MAKES ONE 34 × 20CM FRAME
  • SALTED BUTTER CARAMEL (244°F/118°C)
    • Heavy cream 36% 650 g
    • NOROHY organic vanilla bean paste 7 g
    • Glucose DE35/40 70 g
    • Sugar 650 g
    • Salted butter 170 g

    Heat the cream with the vanilla bean paste. Add the glucose.

    Use the sugar to make a dry caramel. Deglaze with the butter.

    Add the hot cream and cook the mixture at 244°F (118°C).

  • VANIFUSION MARSHMALLOW
    • Gelatin powder 220 Bloom 20 g
    • Water 80 g
    • Sugar 240 g
    • Mineral water 80 g
    • Invert sugar 75 g
    • Invert sugar 110 g
    • NOROHY organic vanilla bean paste 2 g

    Rehydrate the gelatin.

    Cook the sugar, the smaller portion of invert sugar and water at 230°F (110°C).
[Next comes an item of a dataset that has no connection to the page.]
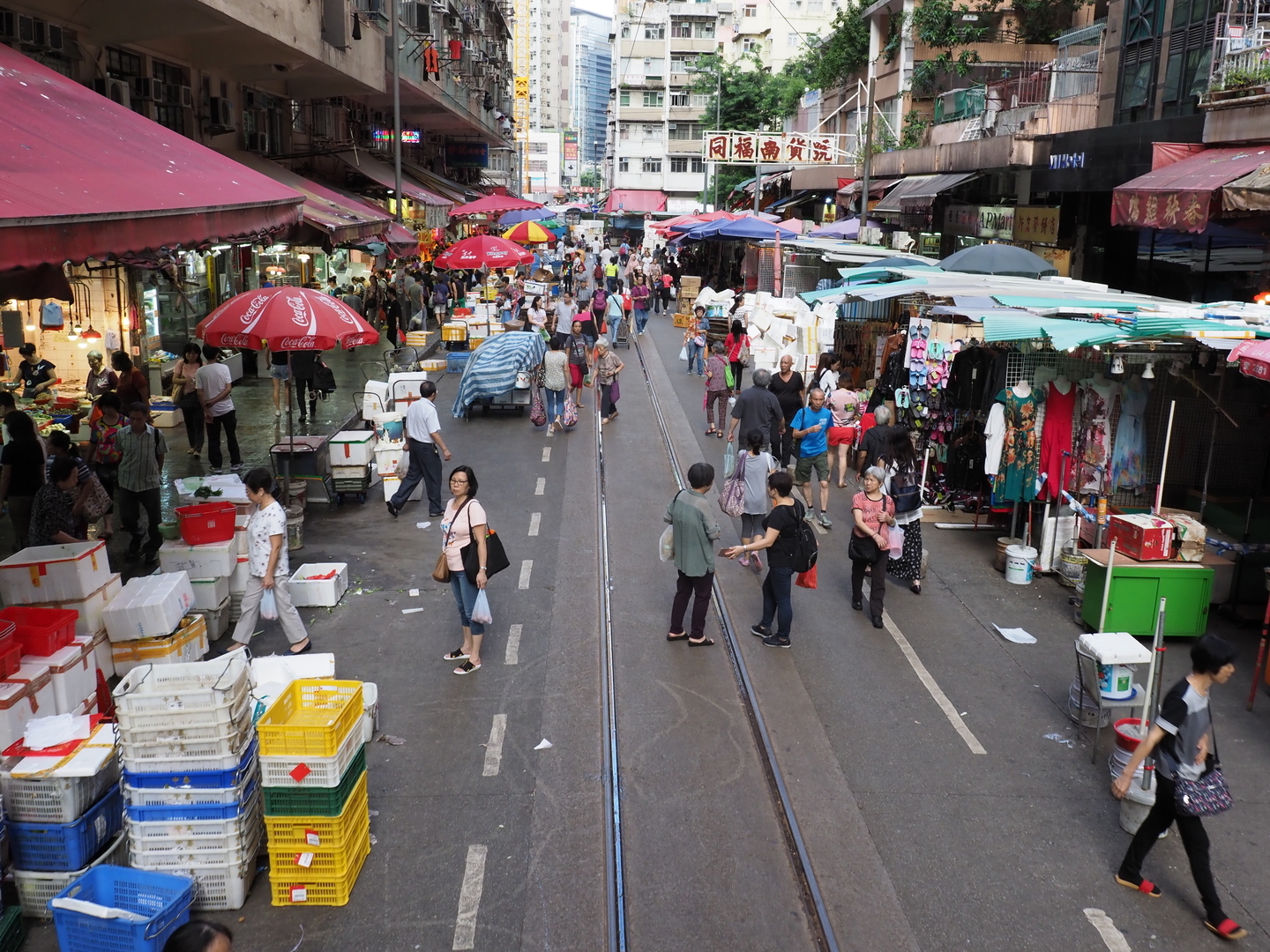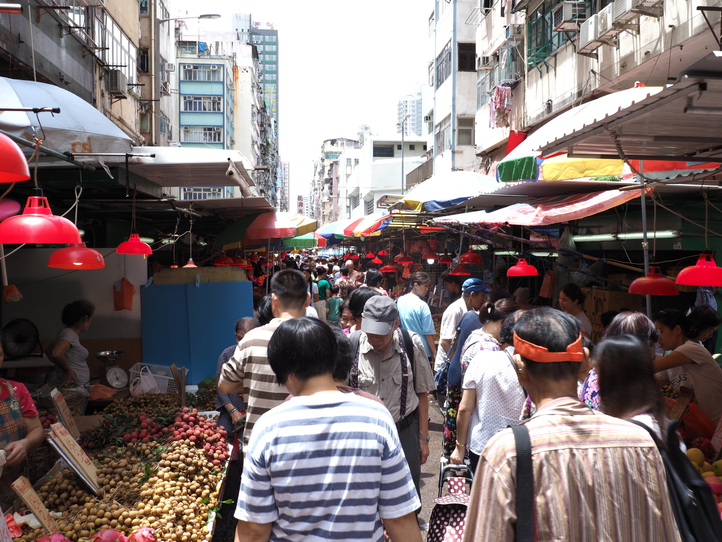 一方で市場の雑踏に身を置いて水平方向に撮影すると、狭い路地にずらりと並んだ露天の奥行きは表現しつつ、人いきれの感じられる雑踏の様子もしっかり伝わってきます。こんな「密」な光景でも安心して撮影できたことが今となっては懐かしいものです。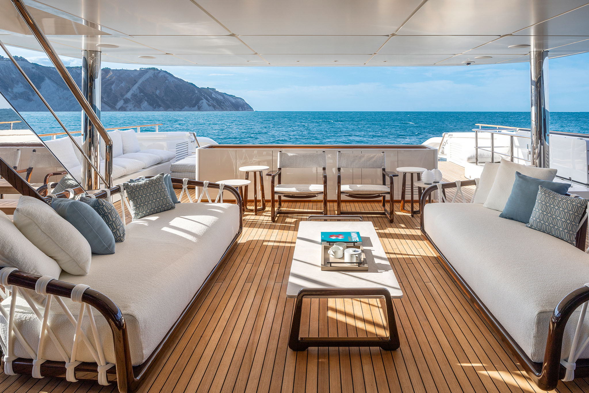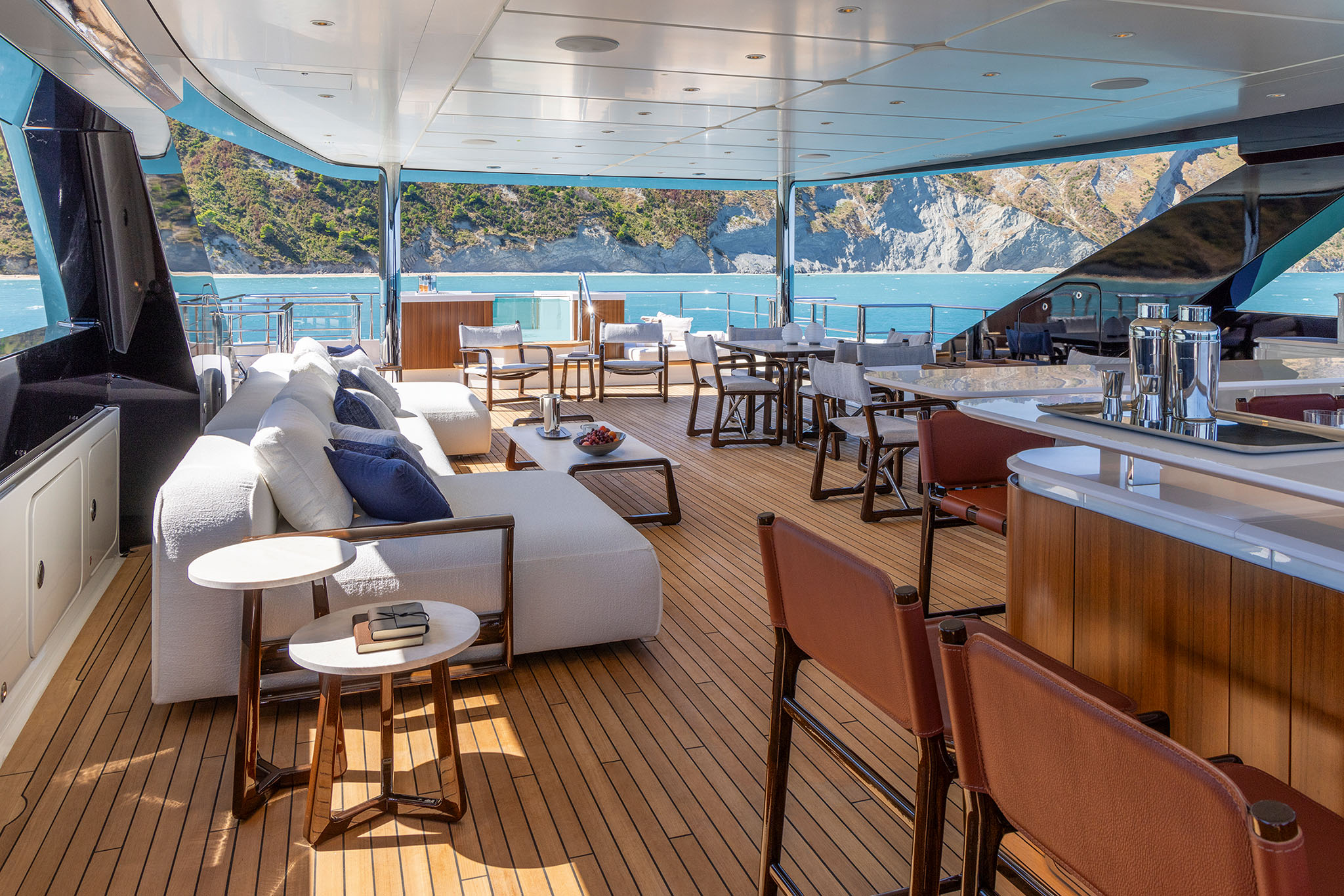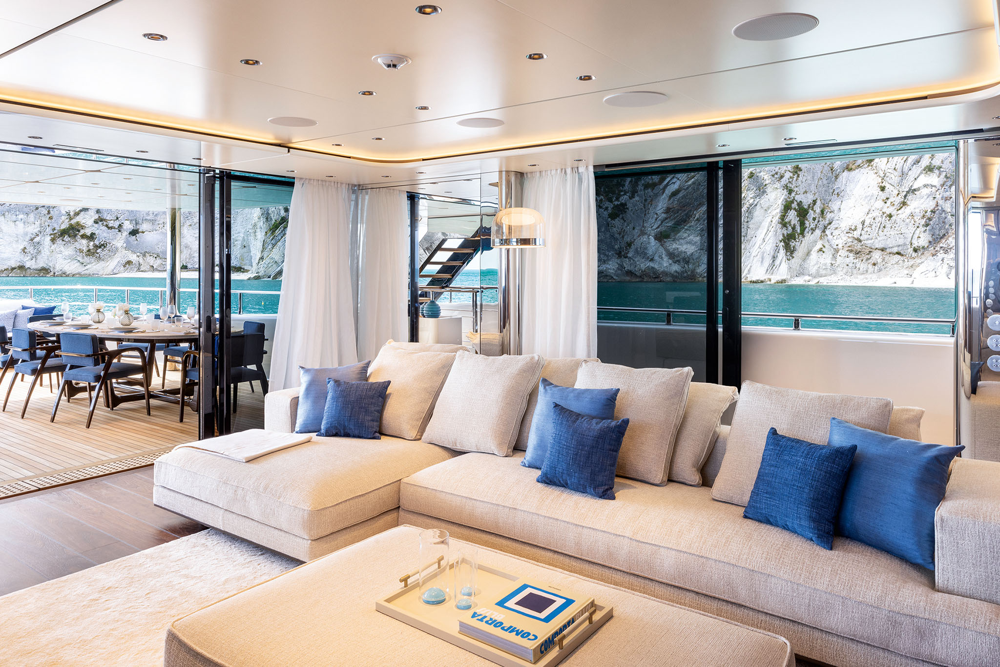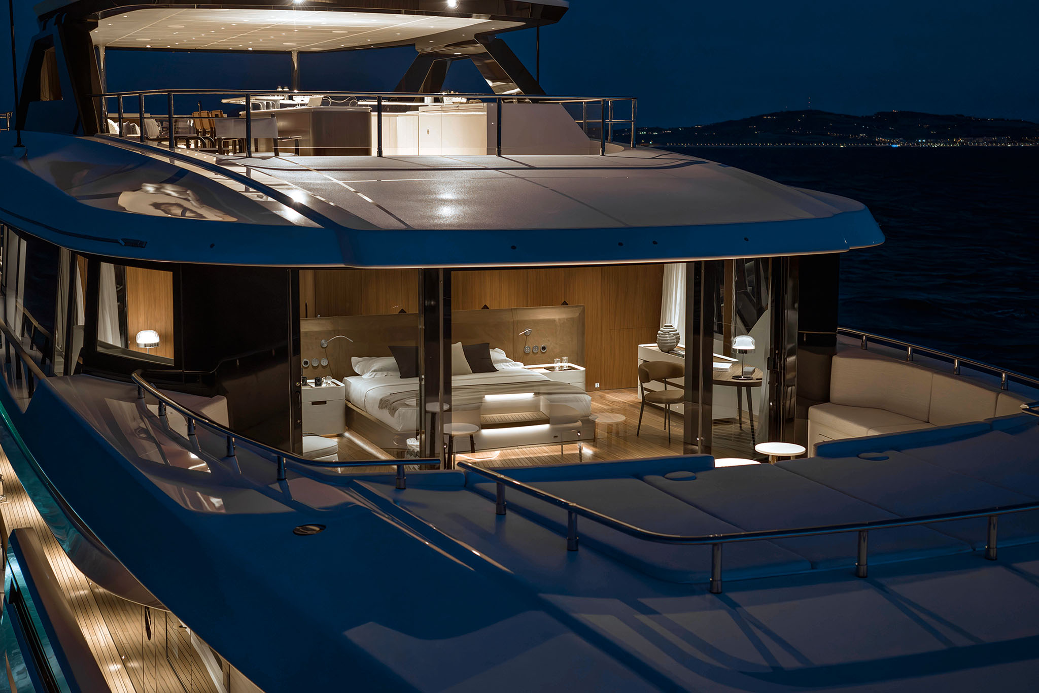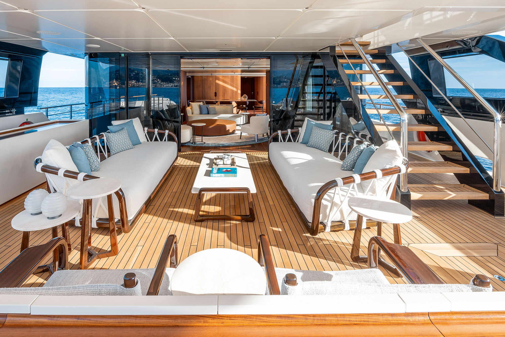 Other key features of the Navetta 50 is the capacious sun deck and transformable stern. The stern follows a similar design to that found on the Ferretti Group flagship CRN superyachts.

In the bowl of a stand mixer, pourthe cooked syrup into the remaining invert sugar and the rehydrated gelatin.

    Beat until a ribbon forms. Add the vanilla bean paste. Use the mixture immediately at 95-105°F (35-40°C).

    • 50% crunchy praliné 230 g
    • Fleur de sel 3 g

     

  • ASSEMBLY AND FINISHING

    Simultaneously prepare the marshmallow and caramel.

    Cook at 244°F (118°C), then leave to cool. Once the marshmallow and caramel are at approx. 105°F (40°C), gently mix them with the praliné and fleur de sel.

    Immediately pour this mixture into a 34 × 34cm frame (depth: 20mm) placed on top of a guitar sheet (use two 10mm frames, ref.: 3457).

    Allow to cool and set completely before cutting.